Moreover, the couple has four of their own pets – a doggy named Luzi, rescued from Poland during a severe snowy winter, and three Cambodian street kitties (Lilly, Josephine, and Tigger) that came to Lara as tiny bundles.

“It is much easier to do things together and have each other’s back and support. Even the smallest basic tasks like feeding, cleaning, walking the dogs, or more complicated ones such as medical interventions, assisting during various procedures, carrying heavy boxes are doable when you work together as a team,”– says Lara. “I might have the necessary skills and the possibility to provide medical treatment. But I would not be able to achieve that much and rescue so many strays without Patrick being there, supporting me all the way!”

“Besides, it is not hard to spot an injured animal while driving or riding in the city. We always make a quick stop to check on the animal we see. And, of course, taking a timely decision and helping the ones in need becomes noticeably stress-free and faster when you are not alone” – Patrick adds.

In a country, where so many people live in poverty and face daily struggles to survive and provide basics for their families (especially, those with little kids) the problem of stray animals seems less important or secondary. And fairly so. Hence is the lack of funding, community involvement, trained human resources, and low public interest in these issues.

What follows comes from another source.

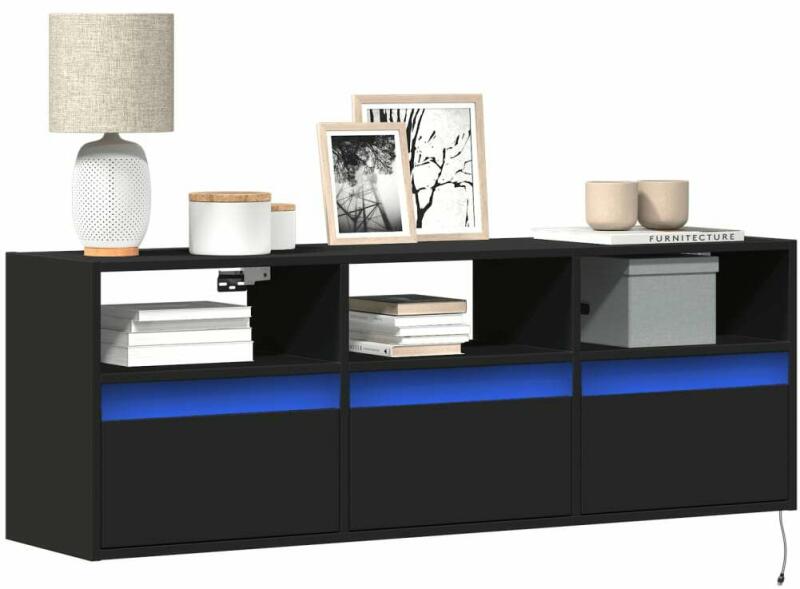 vidaXL fekete fali TV-szekrény LED-világítással 130x31x45 cm Ez a fali szekrény tökéletes az otthonába a hely maximális kihasználására és a padló tisztán tartására. Stabil és tartós anyag: A szerelt fa tartós és stabil anyag sima felülettel, amely ellenáll a nedvességnek, a vetemedésnek és a hasadásnak, így megbízható választás különféle célokhoz. RGB LED-világ

That is why, what Lara and Patrick do on a smaller scale and what ARC does in cooperation with other players and partners in this area, is very important. If more locals and foreigners living in Cambodia (expats) give them/us a helping hand and show support in whatever way they can, there will be considerably less unhealthy, injured, abused, and neglected animals out in the streets.

Lara’s & Patrick’s Tips

  1. When picking up an animal from the street, do not rush immediately bringing it into your house or apartment. Keep it in a separate or isolated area for a while. And, first of all, take to a vet to examine and exclude any life-threatening/lethal diseases, to de-worm and spay/neuter, as a priority.
  2. If you keep a rescued animal for too long (over 4-5 months), it will become strongly attached to you and see you as their family. Try to re-home your rescues while they are still babies, or consider keeping them forever. It is much easier to find a new owner for a small kitten/puppy rather than an adult animal.
  3. Once you have taken a rescue in, it is entirely your responsibility what will happen to it next. Organizations and individual rescuers are usually so overloaded with their own ongoing projects and activities that, most likely, will have neither time, nor space (or finances) to admit your animal or keep it, even temporarily.
  4. There are not many people who would readily take over an abandoned by their previous owner and fully grown-up dog or a cat. So, keep this in mind if you plan to leave the country for good and think ahead. Any animal, be it big or small, goes through a lot of trauma and stress when is dumped by its owner, even though none of them can voice it. Not to mention, how much a pet suffers when is kicked out of the house where it had spent months or years. Your pet’s life depends only on you – your daily decisions, choices, and deeds.